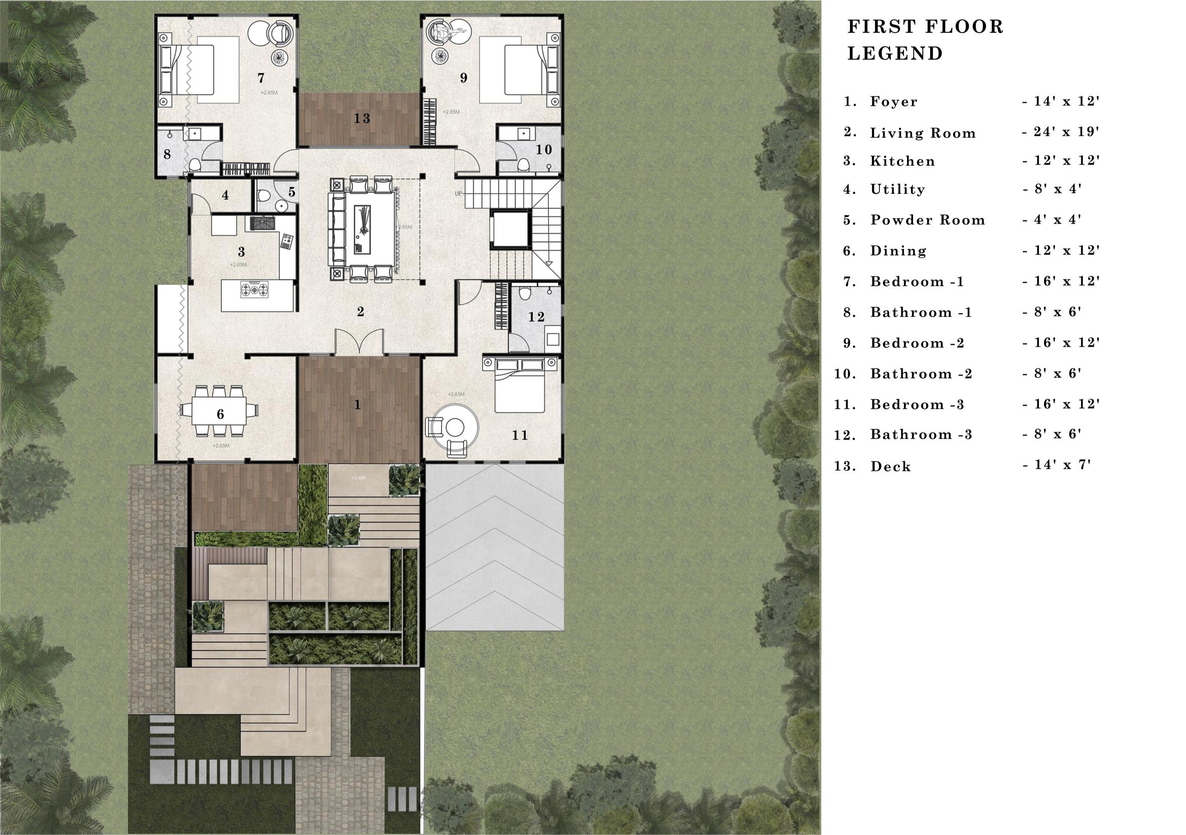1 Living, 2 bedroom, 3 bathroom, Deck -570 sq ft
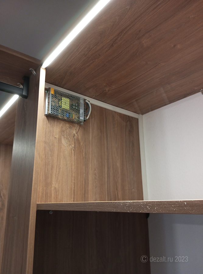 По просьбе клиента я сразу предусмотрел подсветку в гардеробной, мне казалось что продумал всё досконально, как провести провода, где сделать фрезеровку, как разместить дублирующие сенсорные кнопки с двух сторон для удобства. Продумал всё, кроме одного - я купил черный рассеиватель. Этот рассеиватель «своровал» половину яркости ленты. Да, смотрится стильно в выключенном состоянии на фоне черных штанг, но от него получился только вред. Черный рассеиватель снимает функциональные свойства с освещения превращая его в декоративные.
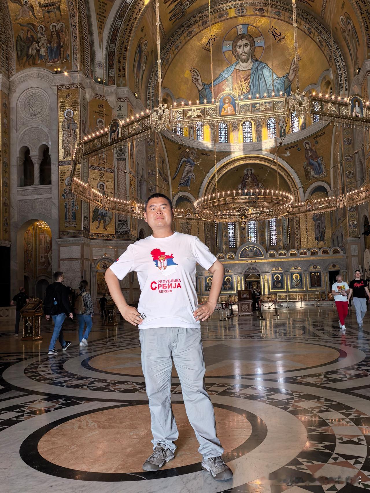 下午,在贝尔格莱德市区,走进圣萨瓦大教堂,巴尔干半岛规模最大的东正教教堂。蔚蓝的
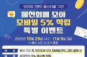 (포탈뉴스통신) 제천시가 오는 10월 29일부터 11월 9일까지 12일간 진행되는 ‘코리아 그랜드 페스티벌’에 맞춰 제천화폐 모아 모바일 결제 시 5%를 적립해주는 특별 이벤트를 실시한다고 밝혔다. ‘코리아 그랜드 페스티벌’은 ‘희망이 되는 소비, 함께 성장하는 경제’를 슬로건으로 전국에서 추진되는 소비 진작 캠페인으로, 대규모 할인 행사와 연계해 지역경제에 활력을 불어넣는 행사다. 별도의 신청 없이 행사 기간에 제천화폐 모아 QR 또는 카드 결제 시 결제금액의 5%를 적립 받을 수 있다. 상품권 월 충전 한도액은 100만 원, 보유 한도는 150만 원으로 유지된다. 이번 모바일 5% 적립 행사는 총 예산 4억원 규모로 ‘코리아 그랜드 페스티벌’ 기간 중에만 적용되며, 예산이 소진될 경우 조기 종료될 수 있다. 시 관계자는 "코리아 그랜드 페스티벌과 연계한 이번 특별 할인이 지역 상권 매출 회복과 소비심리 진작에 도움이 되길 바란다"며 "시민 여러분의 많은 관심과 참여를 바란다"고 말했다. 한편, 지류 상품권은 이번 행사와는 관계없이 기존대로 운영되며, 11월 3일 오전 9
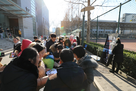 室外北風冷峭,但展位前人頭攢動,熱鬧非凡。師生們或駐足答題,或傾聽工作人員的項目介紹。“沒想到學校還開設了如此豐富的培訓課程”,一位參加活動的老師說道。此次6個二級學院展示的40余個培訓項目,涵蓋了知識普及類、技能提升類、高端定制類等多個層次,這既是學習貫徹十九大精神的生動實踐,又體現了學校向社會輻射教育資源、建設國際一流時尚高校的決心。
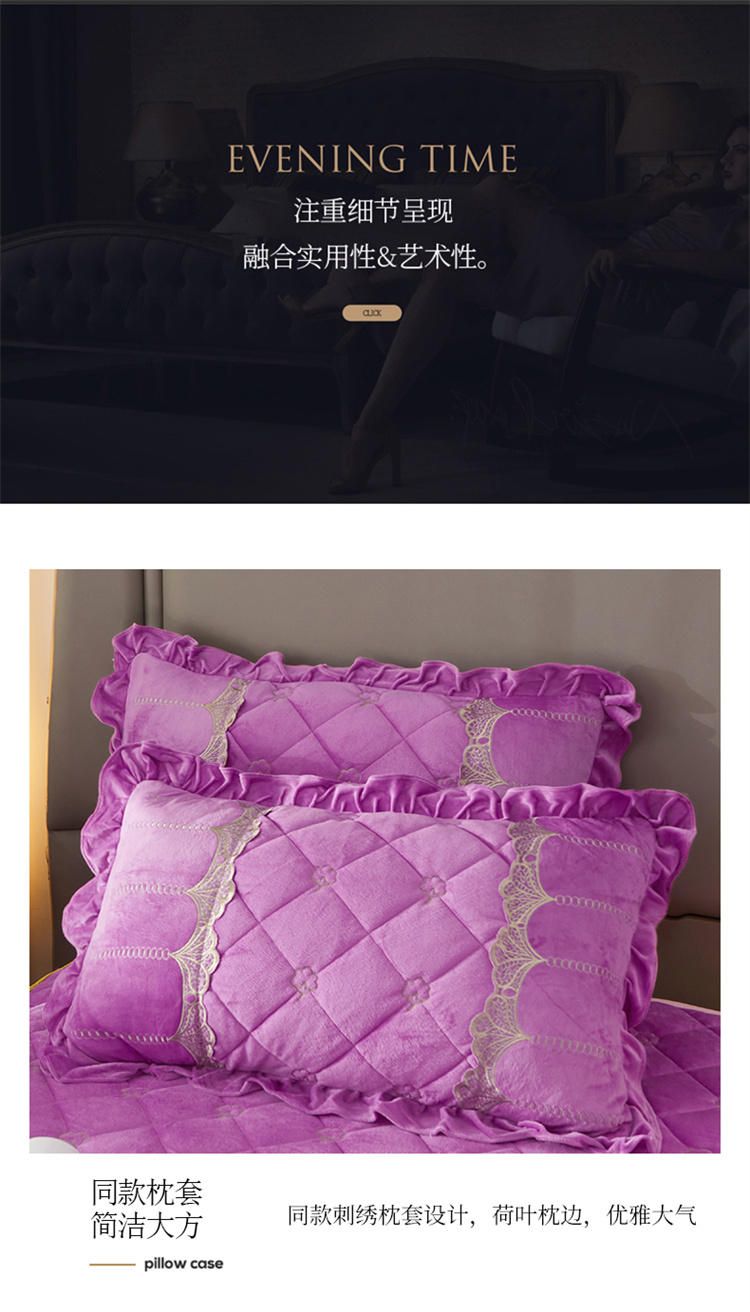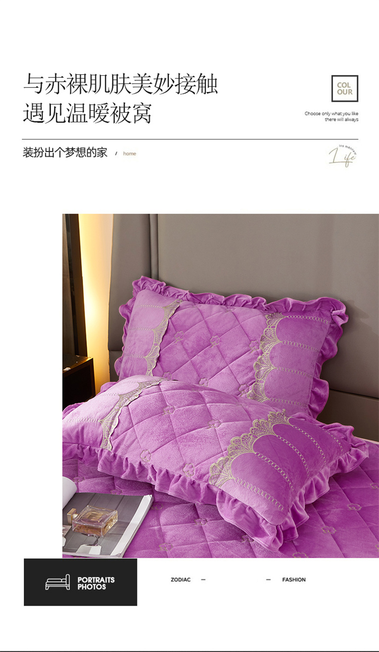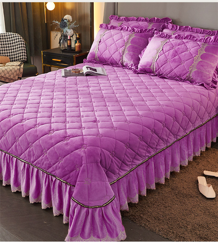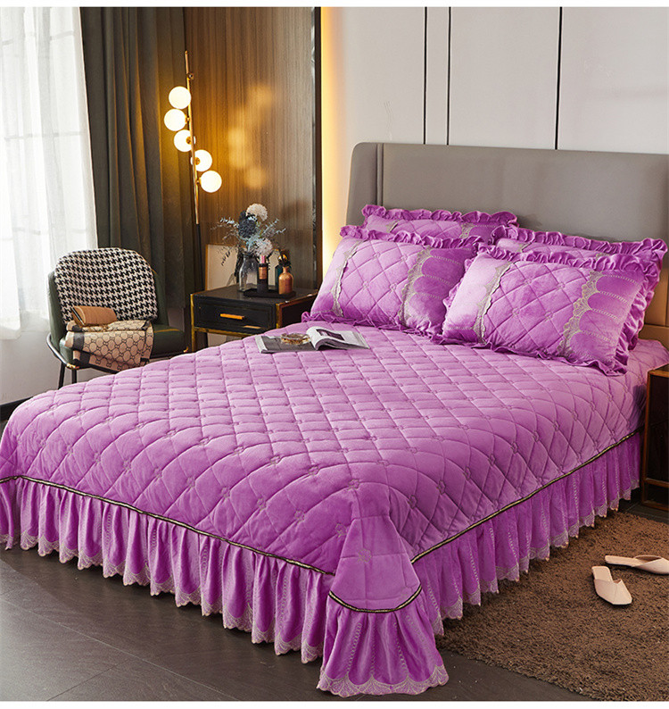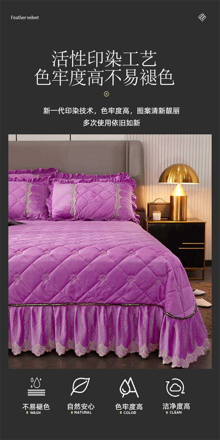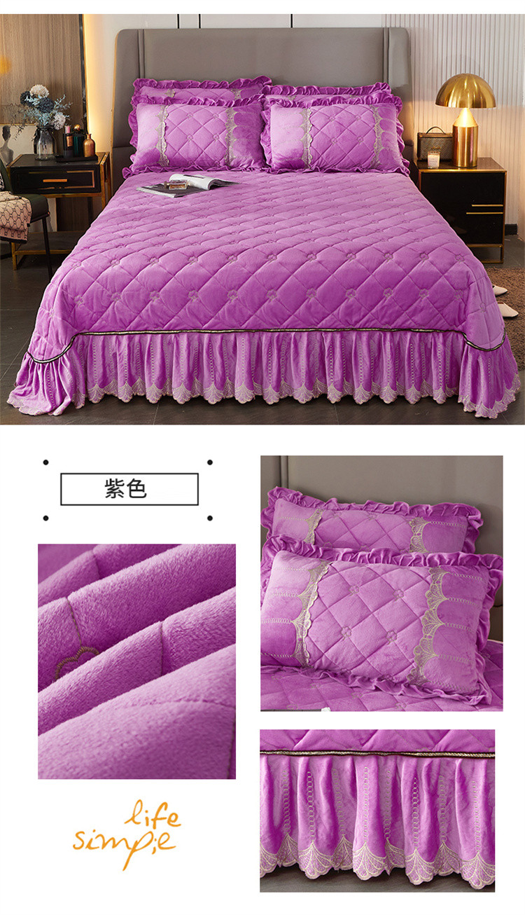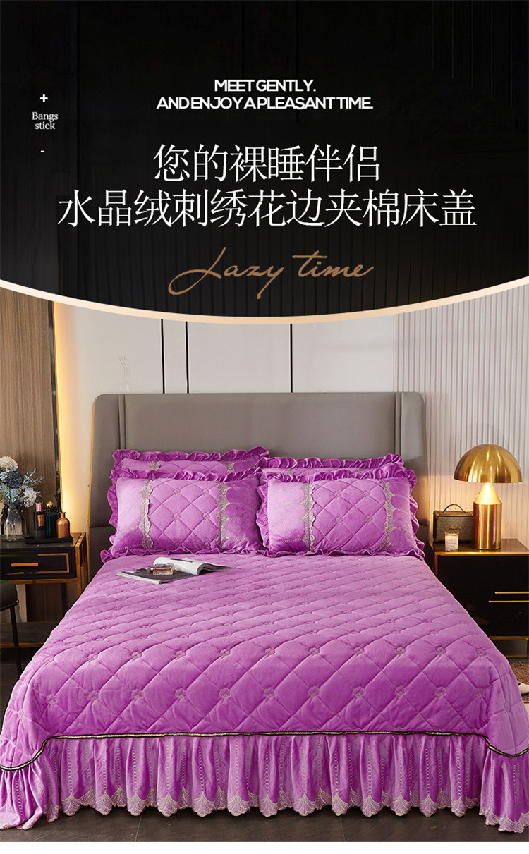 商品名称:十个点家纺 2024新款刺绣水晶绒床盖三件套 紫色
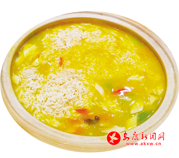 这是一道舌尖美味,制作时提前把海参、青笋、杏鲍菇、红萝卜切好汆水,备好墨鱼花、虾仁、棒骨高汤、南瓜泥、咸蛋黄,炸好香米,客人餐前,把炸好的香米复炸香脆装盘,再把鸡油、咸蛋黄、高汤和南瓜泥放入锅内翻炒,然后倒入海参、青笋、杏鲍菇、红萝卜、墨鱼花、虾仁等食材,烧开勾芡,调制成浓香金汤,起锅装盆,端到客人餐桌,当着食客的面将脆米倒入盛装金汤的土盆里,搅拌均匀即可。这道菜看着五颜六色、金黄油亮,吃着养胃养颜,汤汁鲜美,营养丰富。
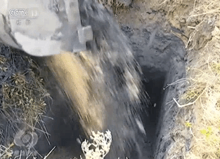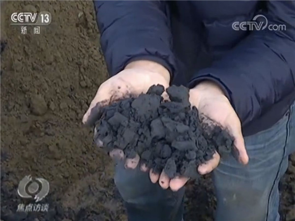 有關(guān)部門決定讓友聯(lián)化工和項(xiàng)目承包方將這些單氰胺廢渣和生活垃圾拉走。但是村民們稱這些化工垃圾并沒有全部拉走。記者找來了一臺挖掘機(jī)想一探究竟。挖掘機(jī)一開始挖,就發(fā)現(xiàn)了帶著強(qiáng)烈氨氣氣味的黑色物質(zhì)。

★ ★ ★ ★ ★

### Exercise description
Through the line containing "下午,在贝尔格莱德市区,走进" and no further, restate the data above word for word from its first line, leaving out pictures.

### Completed task
1 Living, 2 bedroom, 3 bathroom, Deck -570 sq ft
 По просьбе клиента я сразу предусмотрел подсветку в гардеробной, мне казалось что продумал всё досконально, как провести провода, где сделать фрезеровку, как разместить дублирующие сенсорные кнопки с двух сторон для удобства. Продумал всё, кроме одного - я купил черный рассеиватель. Этот рассеиватель «своровал» половину яркости ленты. Да, смотрится стильно в выключенном состоянии на фоне черных штанг, но от него получился только вред. Черный рассеиватель снимает функциональные свойства с освещения превращая его в декоративные.
 下午,在贝尔格莱德市区,走进圣萨瓦大教堂,巴尔干半岛规模最大的东正教教堂。蔚蓝的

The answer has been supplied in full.